One crucial thing to bear in mind is that PDF.js was designed as a PDF reader only; therefore, it does not support features that require editing of PDFs such as direct annotation, page manipulation, and redaction — as emphasized in the FAQ:

Quote from pdf.js community contributor

And on GitHub:

Quote from pdf.js community contributor

Out of Scope and Unsupported Features

As a result, some features are categorized as outside the scope of a PDF reader. These are not given as much attention by the main project contributors. Other features are unsupported because the open-source community is still working on them.

Unsupported Features and Reason

Form Filling — Open issue for 3 years | Update: Now supported

Direct annotation (Add, edit, and remove) — Out of Scope

Page manipulation (Add, merge, and remove) — Out of Scope

Signatures — Open for 7 years | Update: Now display

Toggleable visual layers (OCGs) — Open for 8 years | Update: API method added

Night mode — Open for 7 years | Update: API method added

Advanced Rendering Features

Overprint Support — Open 8 years | Update: Marked as “won’t fix”

Canvas tiling — Open 6 years

Color profile management — Open 6 years

Browser Behavior and Support

Copied to clipboard

PDF.js has the advantage (and disadvantage) of relying on the browser for rendering.

This means PDF.js can initialize very quickly compared to many other PDF web viewers which must download and initialize their entire PDF rendering package.

However, because PDF.js relies on the browser, results may vary according to the browser, as each may handle specific fonts, images, and graphics differently.

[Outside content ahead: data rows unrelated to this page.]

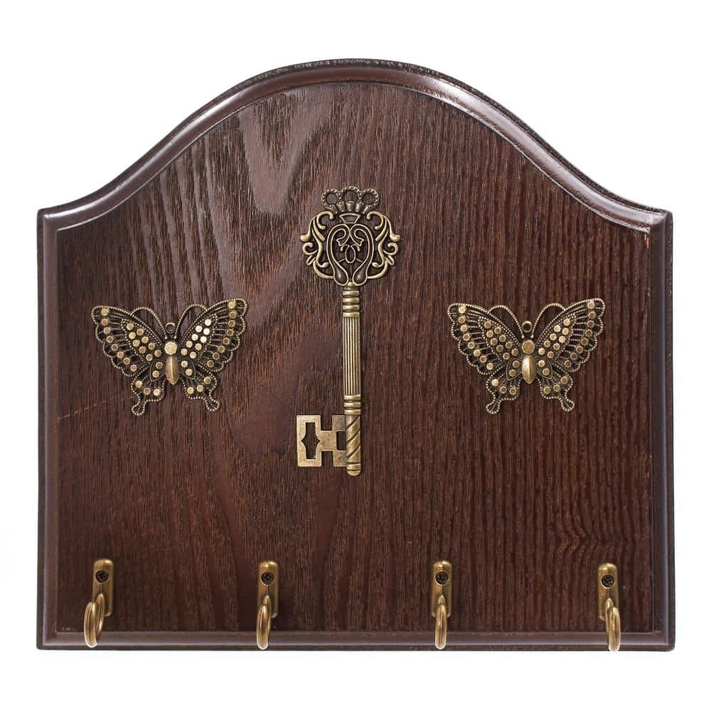 Ключница открытая фигурная для 4-х ключей изготовлена из дерева. Декор - металлический ключ и две бабочки. Крепится на стену с помощью металлической петли. Упакована в картонную коробку.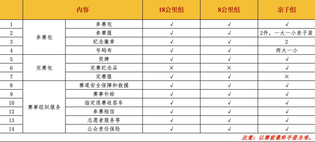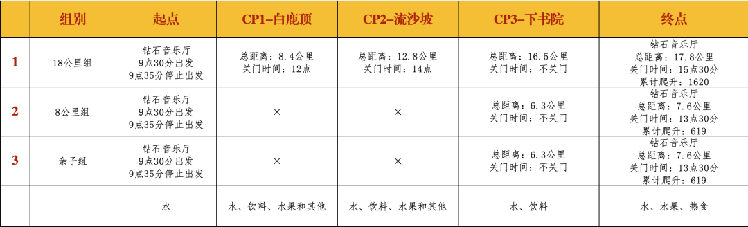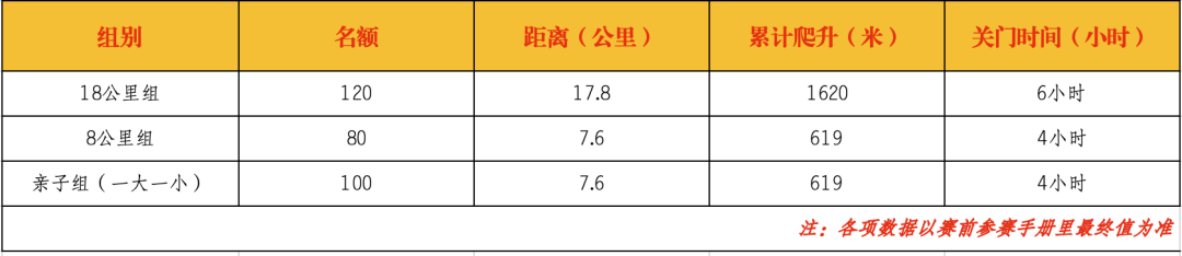 注:以最终公布的数据为准;如遇特殊情况和突发事件或暴风,雷电,暴雨等恶劣天气时,组委会有权决定熔断活动,活动者须服从指挥。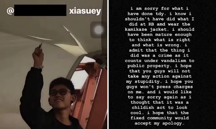 Acknowledging his actions as vandalism of public property, the youth apologised and said: "I am sorry for what I have done tdy (sic)."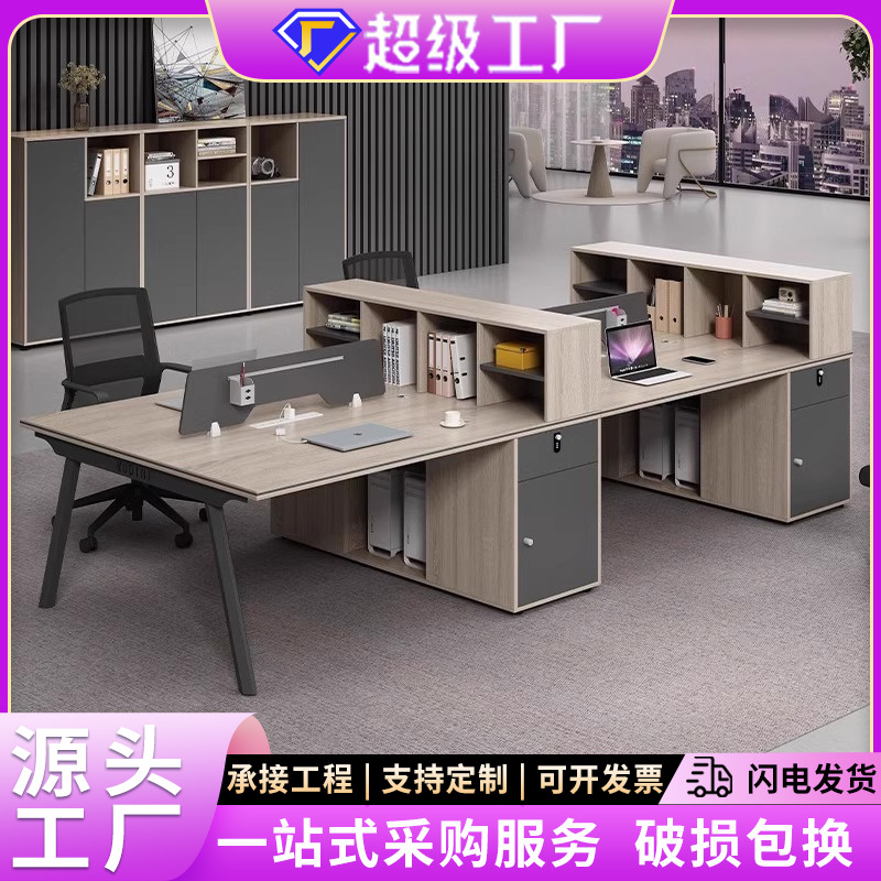 職員机屏風シンプル従業員4人位コンピュータオフィステーブルと椅子の組み合わせ家具カードの位置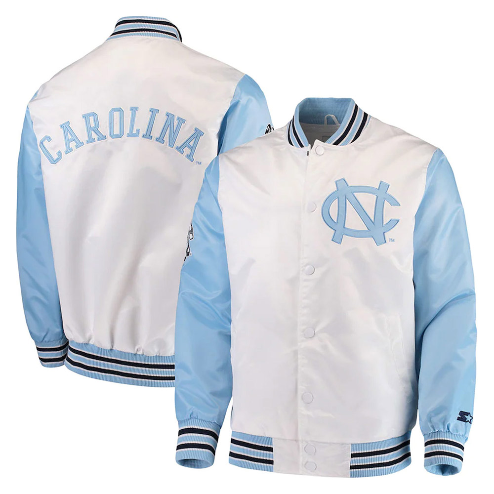 The North Carolina tar heels the rookie jacket is constructed from premium satin. The interior of the jacket’s viscose lining regularly provides flair and comfort. The style has a conventional front with a knit collar and a buttoned fastening. It has two side waist pockets to keep things organized. This also has a striped waistline and rib-knitted cuffs. It has a distinctive appearance thanks to the word “Carolina” stitched on the back and the logo on the front and sleeve. The North Carolina tar heels blue and white jacket’s perfection is enhanced by the high caliber of its stitching. a great option for everyday use and frequent outings.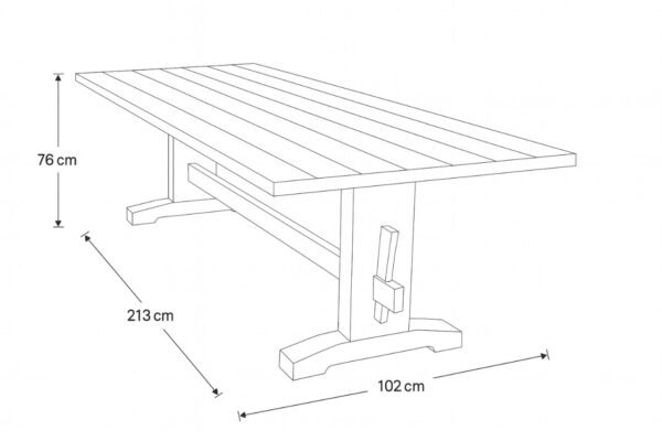 Fabricada en madera maciza de teca, reconocida por su resistencia y belleza natural, esta mesa de 213 x 102 cm permite acomodar cómodamente de 6 a 8 personas, brindando suficiente espacio entre cada comensal.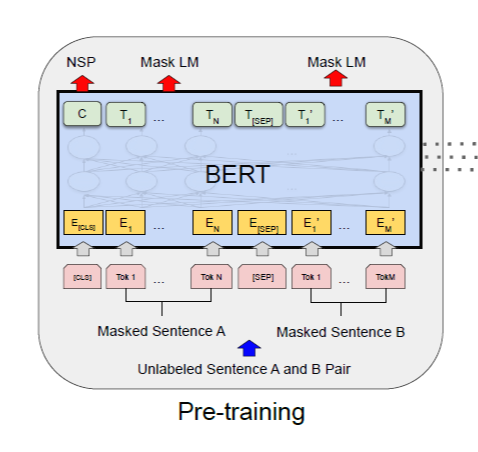 left-to-right 나 right-to-left 언어 모델을 사용하는 대신 BERT는 두 개의 unsupervised task를 사용합니다. 먼저 사전학습(Pre-training)에 대해서 설명하겠습니다.

PDF.js also relies on HTML “extensions” to support some missing graphics features — with uneven adoption across different browsers.

We’ve found that PDF.js performs best on Mozilla Firefox (naturally) less well on Safari and Chrome, and weakest on Microsoft Edge and Internet Explorer. Many older browsers are not supported.

PDF.js Supported Browsers

Browser — Supported — Automated Testing

Firefox — Yes — Windows/Linux

Chrome — Yes — Windows/Linux

Opera — Yes — None

IE 11/Edge — Mostly — None

Safari 9+ — Mostly — None

IE 10 and below — No — None

Safari 8 and below — No — None

Android 4 and below — No — None

Data from the PDF.js FAQ.

Therefore, PDF.js will prove satisfactory if your users work on the latest versions of Chrome and Firefox, and less satisfactory should your users work in IE 11 or older browsers, or on older mobile devices.

Supported File Types

Copied to clipboard

PDF.js only opens PDF files. Any other format, such as MS Office documents, .txt, and images, will all have to be converted to PDF using another tool.

Security

Copied to clipboard

PDF.js is reputed as a secure, sandboxed environment (within the iframe) as well as a suitable replacement for old-fashioned web PDF readers that relied upon security-challenged plugin technology.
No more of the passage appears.